» To do:
Give the number of lines in the data that contain "嘉应古城", and nothing more.

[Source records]
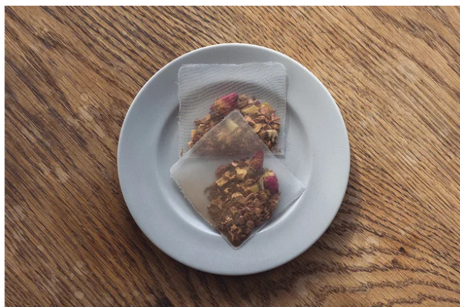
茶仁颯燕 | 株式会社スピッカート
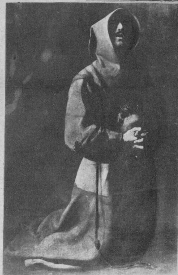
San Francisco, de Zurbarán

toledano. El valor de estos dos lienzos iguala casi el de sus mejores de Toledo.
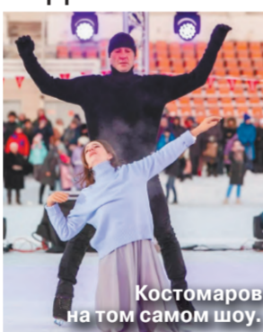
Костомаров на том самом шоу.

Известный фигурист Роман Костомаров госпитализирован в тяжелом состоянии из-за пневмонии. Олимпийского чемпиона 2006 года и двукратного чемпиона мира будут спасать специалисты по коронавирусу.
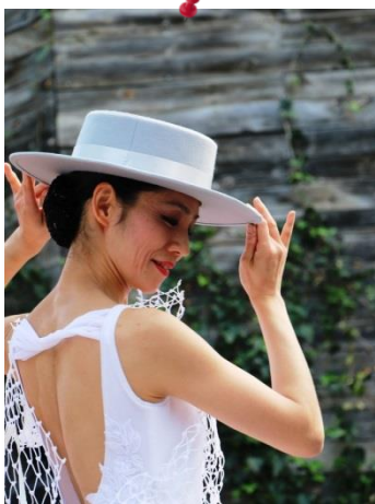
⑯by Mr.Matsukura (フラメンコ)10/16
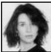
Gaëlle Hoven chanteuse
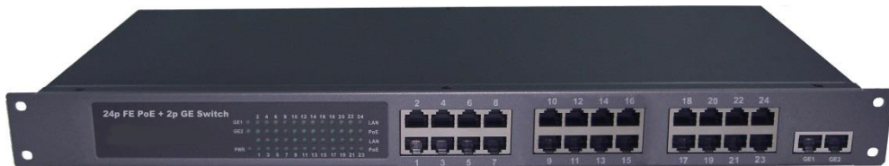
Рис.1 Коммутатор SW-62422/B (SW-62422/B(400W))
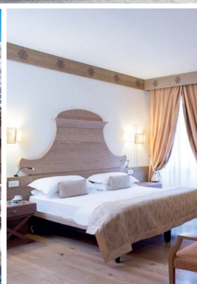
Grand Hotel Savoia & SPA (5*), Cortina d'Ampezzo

* * *

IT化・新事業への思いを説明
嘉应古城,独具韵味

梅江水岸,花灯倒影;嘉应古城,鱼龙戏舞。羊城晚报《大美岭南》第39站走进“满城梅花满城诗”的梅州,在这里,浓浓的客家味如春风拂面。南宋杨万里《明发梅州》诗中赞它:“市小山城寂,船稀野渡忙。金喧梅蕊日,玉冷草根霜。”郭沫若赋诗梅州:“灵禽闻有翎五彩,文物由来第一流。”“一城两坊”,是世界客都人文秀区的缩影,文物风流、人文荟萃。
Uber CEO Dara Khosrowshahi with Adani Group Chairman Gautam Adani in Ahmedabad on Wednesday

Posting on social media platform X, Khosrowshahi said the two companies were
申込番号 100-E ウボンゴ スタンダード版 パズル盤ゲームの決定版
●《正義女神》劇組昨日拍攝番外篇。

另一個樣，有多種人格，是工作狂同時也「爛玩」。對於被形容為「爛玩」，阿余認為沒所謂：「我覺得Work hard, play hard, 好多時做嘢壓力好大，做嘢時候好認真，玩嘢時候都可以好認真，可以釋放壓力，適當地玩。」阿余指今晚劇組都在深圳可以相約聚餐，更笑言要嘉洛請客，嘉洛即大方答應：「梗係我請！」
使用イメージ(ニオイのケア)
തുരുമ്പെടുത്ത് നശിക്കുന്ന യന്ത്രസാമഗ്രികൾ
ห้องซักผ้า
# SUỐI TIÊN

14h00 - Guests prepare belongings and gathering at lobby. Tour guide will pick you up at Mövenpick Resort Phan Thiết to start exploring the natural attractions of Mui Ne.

==

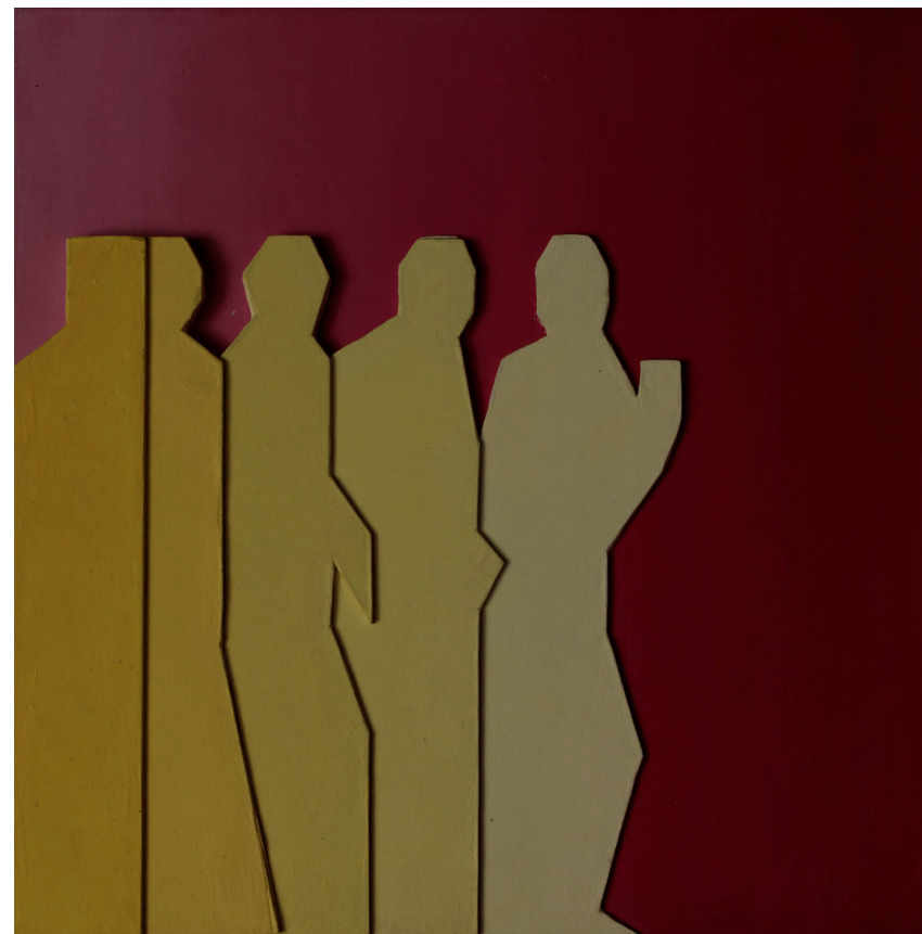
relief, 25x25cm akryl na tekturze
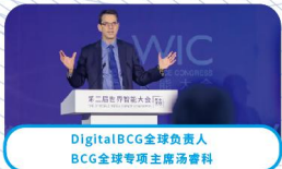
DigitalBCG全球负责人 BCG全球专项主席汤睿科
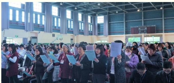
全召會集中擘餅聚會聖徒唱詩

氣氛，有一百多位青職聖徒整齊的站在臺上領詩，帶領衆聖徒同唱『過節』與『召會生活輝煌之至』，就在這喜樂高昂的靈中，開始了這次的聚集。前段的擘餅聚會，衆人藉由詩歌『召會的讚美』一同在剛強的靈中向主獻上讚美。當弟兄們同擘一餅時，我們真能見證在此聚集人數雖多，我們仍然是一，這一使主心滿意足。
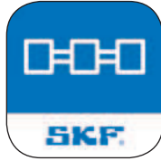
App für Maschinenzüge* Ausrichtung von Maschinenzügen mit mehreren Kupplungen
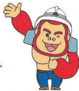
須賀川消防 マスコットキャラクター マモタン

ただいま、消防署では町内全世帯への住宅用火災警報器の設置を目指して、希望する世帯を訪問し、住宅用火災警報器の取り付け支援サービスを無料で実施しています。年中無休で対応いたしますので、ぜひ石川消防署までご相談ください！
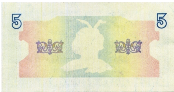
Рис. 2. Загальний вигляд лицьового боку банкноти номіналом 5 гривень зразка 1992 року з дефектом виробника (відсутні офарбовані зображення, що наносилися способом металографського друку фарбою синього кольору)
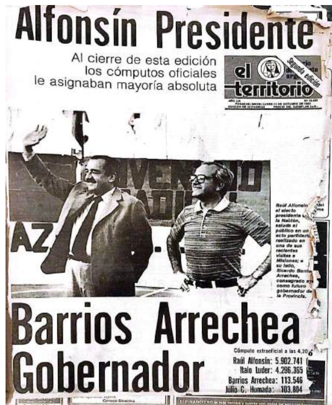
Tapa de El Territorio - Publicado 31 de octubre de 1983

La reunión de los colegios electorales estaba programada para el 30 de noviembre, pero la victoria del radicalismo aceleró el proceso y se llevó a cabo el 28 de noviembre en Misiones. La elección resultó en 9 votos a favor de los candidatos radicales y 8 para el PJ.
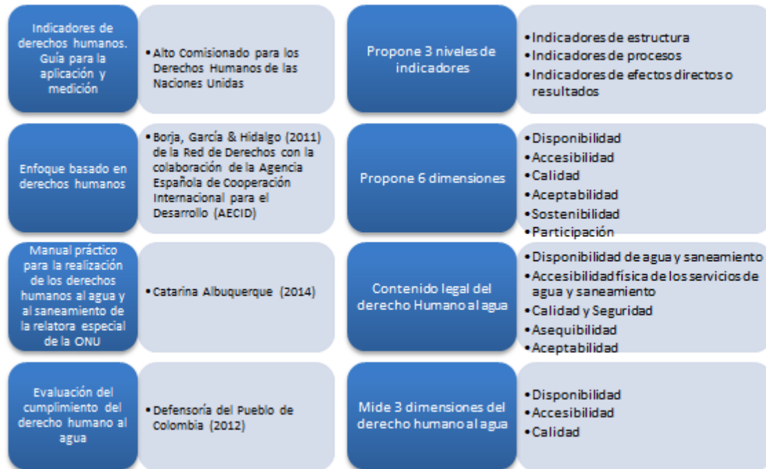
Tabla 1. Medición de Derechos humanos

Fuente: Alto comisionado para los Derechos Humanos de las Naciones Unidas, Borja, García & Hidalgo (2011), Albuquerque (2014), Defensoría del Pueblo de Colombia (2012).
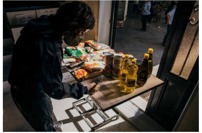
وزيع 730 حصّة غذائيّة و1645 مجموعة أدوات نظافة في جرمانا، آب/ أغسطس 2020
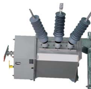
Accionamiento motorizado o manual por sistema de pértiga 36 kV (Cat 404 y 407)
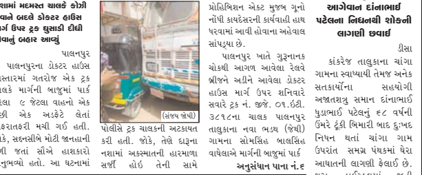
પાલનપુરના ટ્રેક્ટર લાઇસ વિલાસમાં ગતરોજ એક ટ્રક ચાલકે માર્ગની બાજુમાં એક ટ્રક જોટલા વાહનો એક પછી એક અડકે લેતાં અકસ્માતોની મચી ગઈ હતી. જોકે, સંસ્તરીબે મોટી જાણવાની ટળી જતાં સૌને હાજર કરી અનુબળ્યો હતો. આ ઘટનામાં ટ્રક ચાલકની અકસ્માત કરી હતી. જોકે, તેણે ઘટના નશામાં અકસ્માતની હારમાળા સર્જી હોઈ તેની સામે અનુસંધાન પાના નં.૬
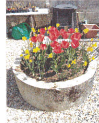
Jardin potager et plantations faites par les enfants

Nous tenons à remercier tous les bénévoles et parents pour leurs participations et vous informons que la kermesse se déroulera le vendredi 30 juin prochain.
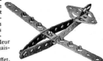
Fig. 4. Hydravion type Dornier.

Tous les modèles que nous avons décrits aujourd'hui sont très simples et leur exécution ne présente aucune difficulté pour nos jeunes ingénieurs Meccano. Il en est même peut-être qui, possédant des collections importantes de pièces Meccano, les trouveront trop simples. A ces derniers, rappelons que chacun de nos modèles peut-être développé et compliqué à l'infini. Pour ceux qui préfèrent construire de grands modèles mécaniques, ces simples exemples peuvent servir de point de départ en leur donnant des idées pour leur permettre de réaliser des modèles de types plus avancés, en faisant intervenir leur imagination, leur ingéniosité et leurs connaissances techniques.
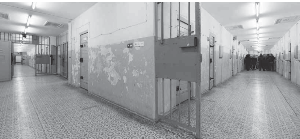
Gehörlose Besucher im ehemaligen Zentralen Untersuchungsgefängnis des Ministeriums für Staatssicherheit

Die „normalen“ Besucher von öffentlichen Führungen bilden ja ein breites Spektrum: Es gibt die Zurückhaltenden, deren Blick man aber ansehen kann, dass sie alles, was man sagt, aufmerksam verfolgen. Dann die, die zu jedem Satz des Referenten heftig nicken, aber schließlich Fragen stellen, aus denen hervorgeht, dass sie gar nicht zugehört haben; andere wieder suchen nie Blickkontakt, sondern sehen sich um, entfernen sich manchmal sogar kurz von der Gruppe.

» Expected answer:
2